◆ **Items listed in a dataset**:
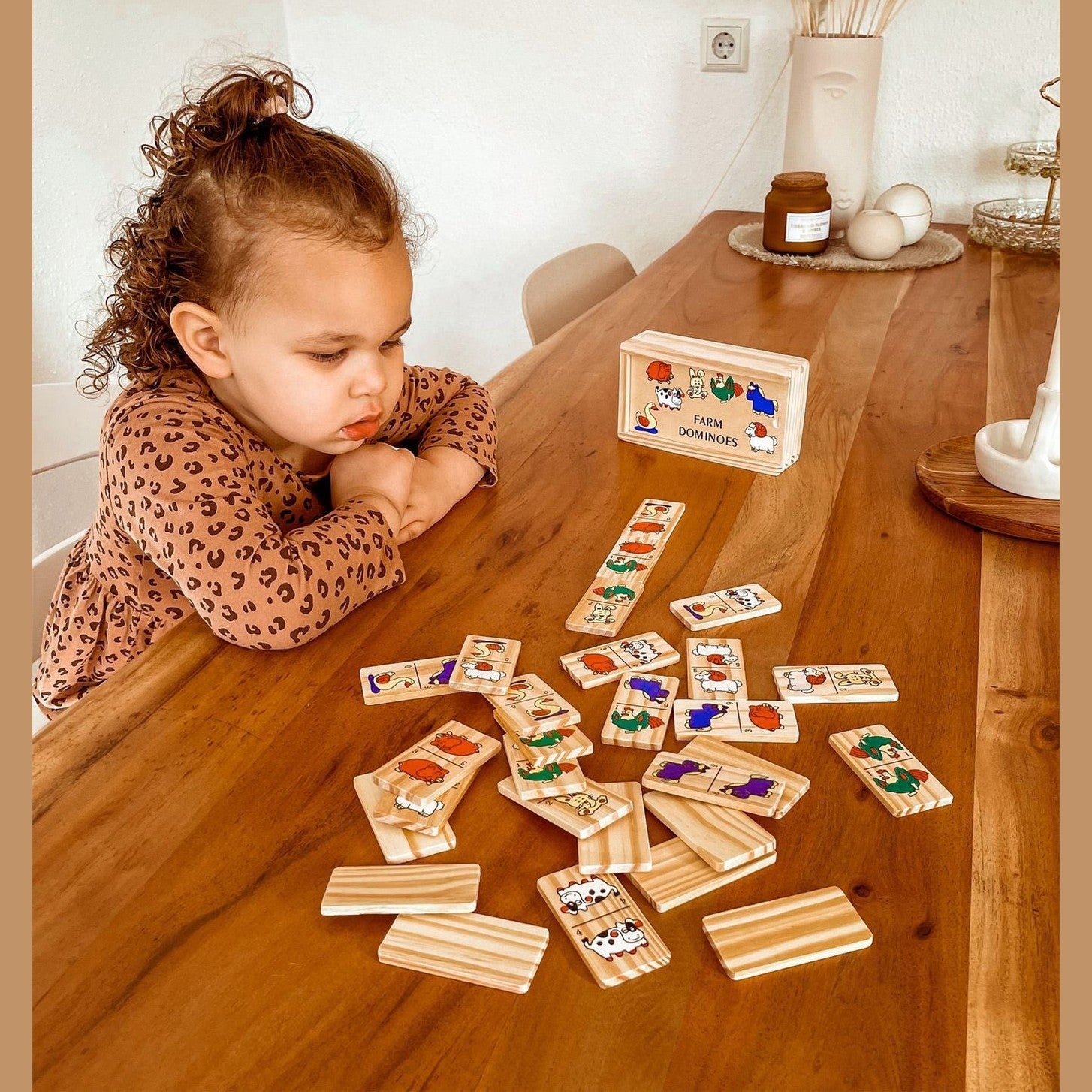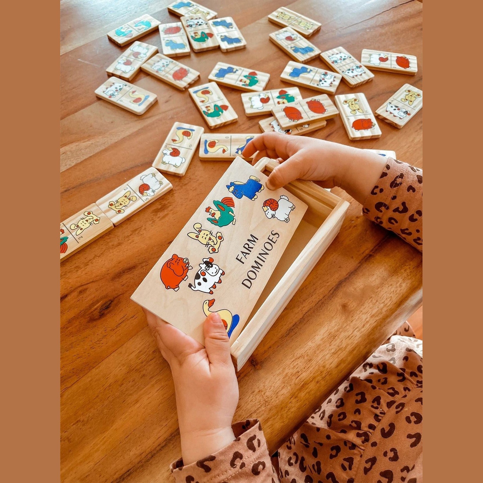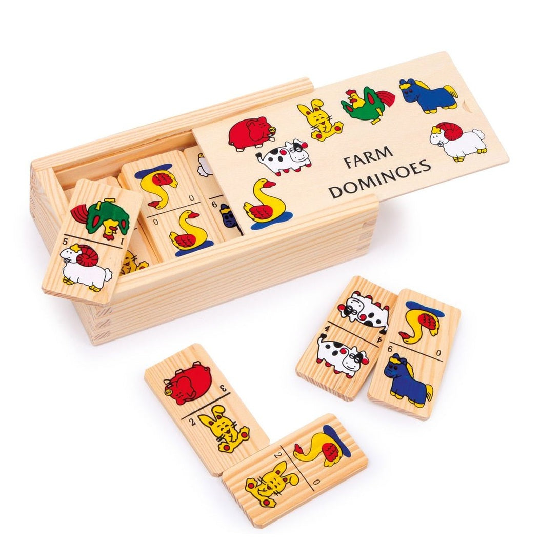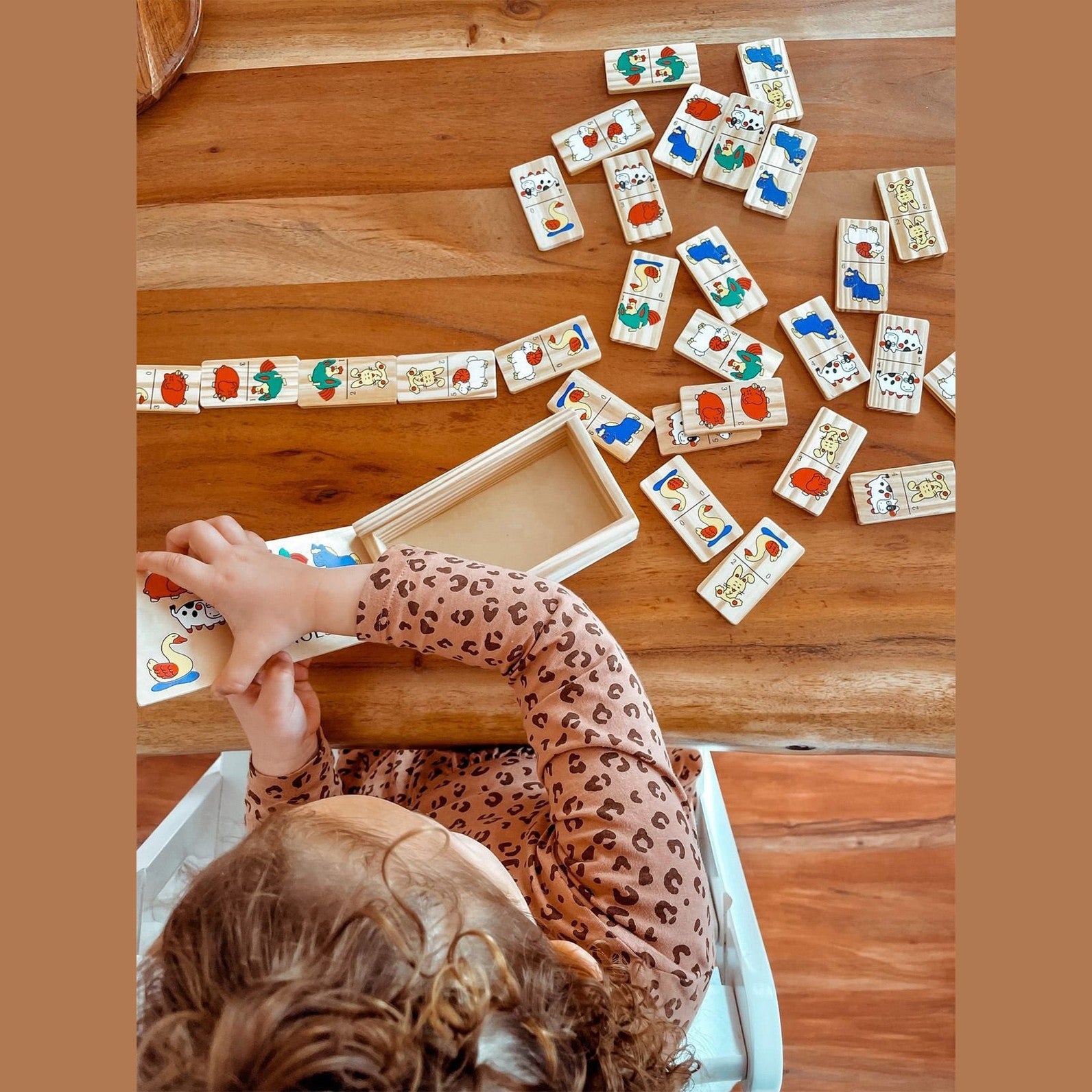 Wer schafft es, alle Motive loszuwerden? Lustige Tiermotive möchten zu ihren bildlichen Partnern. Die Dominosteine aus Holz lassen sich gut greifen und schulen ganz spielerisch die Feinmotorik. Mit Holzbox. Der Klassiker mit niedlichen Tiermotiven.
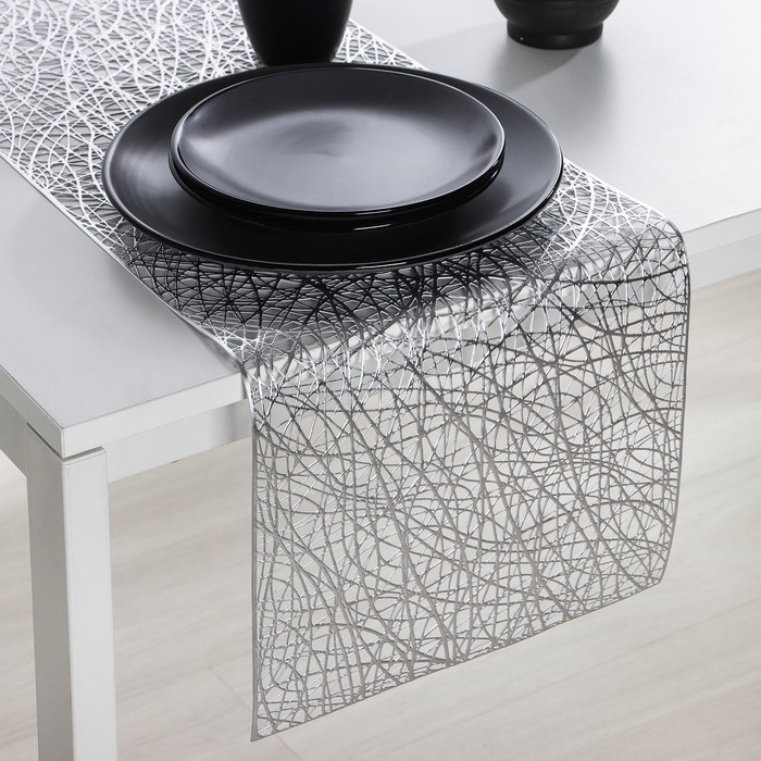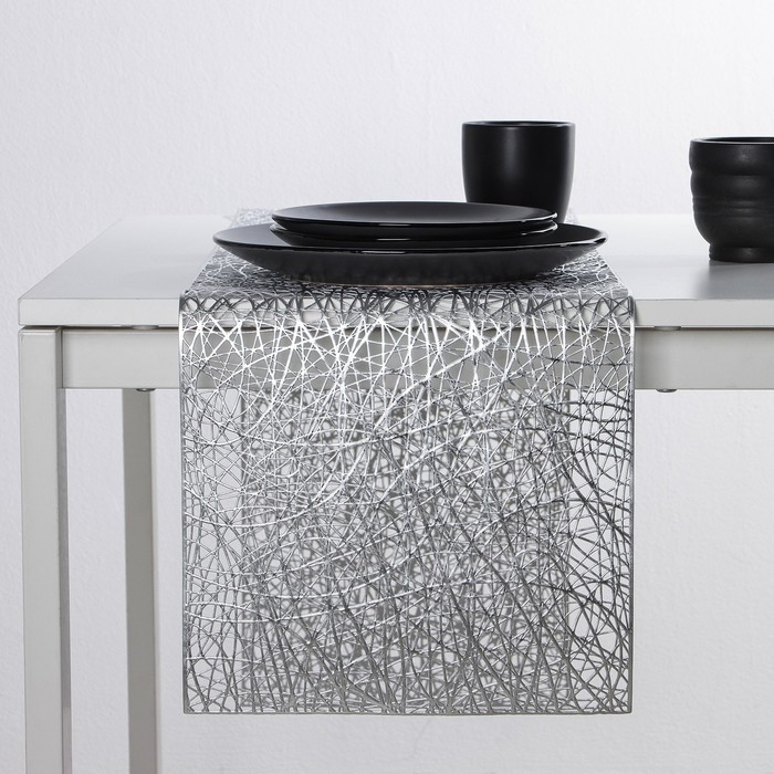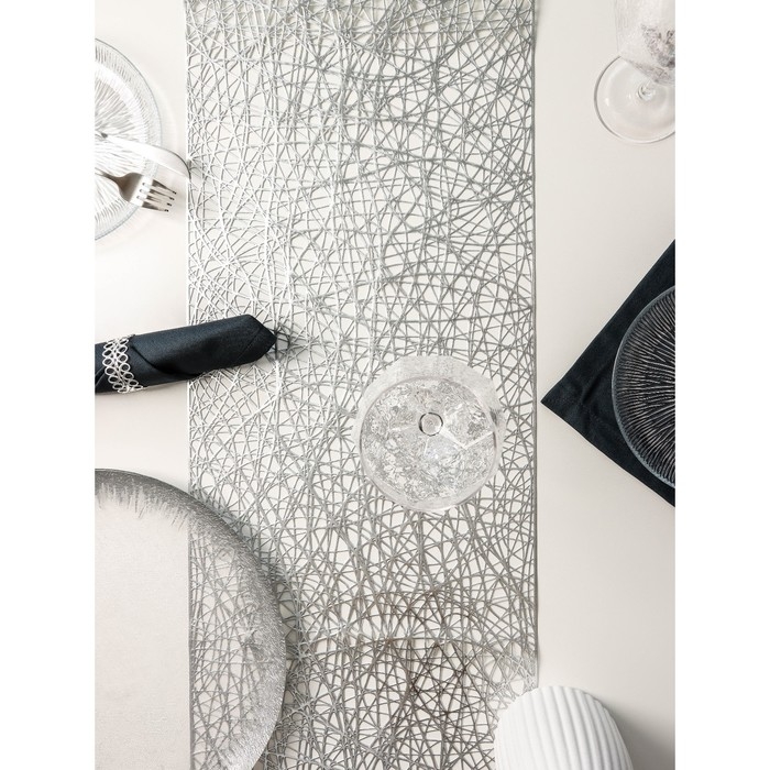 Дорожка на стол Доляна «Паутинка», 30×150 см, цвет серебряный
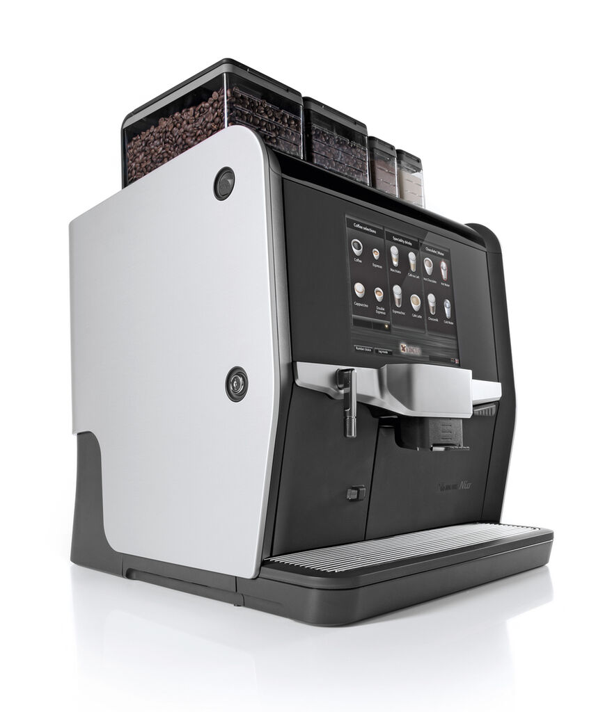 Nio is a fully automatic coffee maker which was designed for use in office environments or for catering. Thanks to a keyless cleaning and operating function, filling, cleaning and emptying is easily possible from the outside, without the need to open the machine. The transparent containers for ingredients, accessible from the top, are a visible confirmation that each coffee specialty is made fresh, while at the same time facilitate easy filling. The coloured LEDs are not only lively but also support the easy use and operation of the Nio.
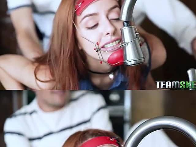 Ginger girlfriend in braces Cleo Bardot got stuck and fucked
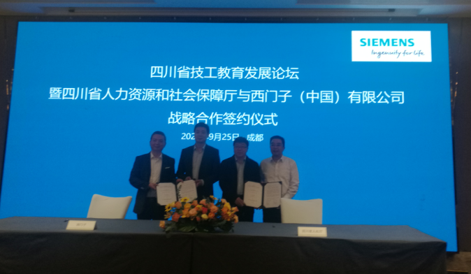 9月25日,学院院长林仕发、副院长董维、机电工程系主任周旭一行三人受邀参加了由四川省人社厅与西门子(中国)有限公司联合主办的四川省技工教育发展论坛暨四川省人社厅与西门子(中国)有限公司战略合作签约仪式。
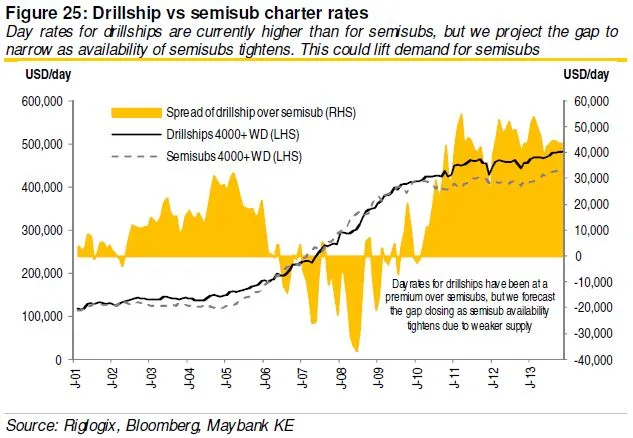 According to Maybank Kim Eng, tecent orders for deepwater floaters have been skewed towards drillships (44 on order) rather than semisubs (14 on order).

◆ **Your objective**: Could you copy, exactly and with no pictures, each line from the first one above to the line holding "Ginger girlfriend in"?

◆ **Output below**:
 Wer schafft es, alle Motive loszuwerden? Lustige Tiermotive möchten zu ihren bildlichen Partnern. Die Dominosteine aus Holz lassen sich gut greifen und schulen ganz spielerisch die Feinmotorik. Mit Holzbox. Der Klassiker mit niedlichen Tiermotiven.
 Дорожка на стол Доляна «Паутинка», 30×150 см, цвет серебряный
 Nio is a fully automatic coffee maker which was designed for use in office environments or for catering. Thanks to a keyless cleaning and operating function, filling, cleaning and emptying is easily possible from the outside, without the need to open the machine. The transparent containers for ingredients, accessible from the top, are a visible confirmation that each coffee specialty is made fresh, while at the same time facilitate easy filling. The coloured LEDs are not only lively but also support the easy use and operation of the Nio.
 Ginger girlfriend in braces Cleo Bardot got stuck and fucked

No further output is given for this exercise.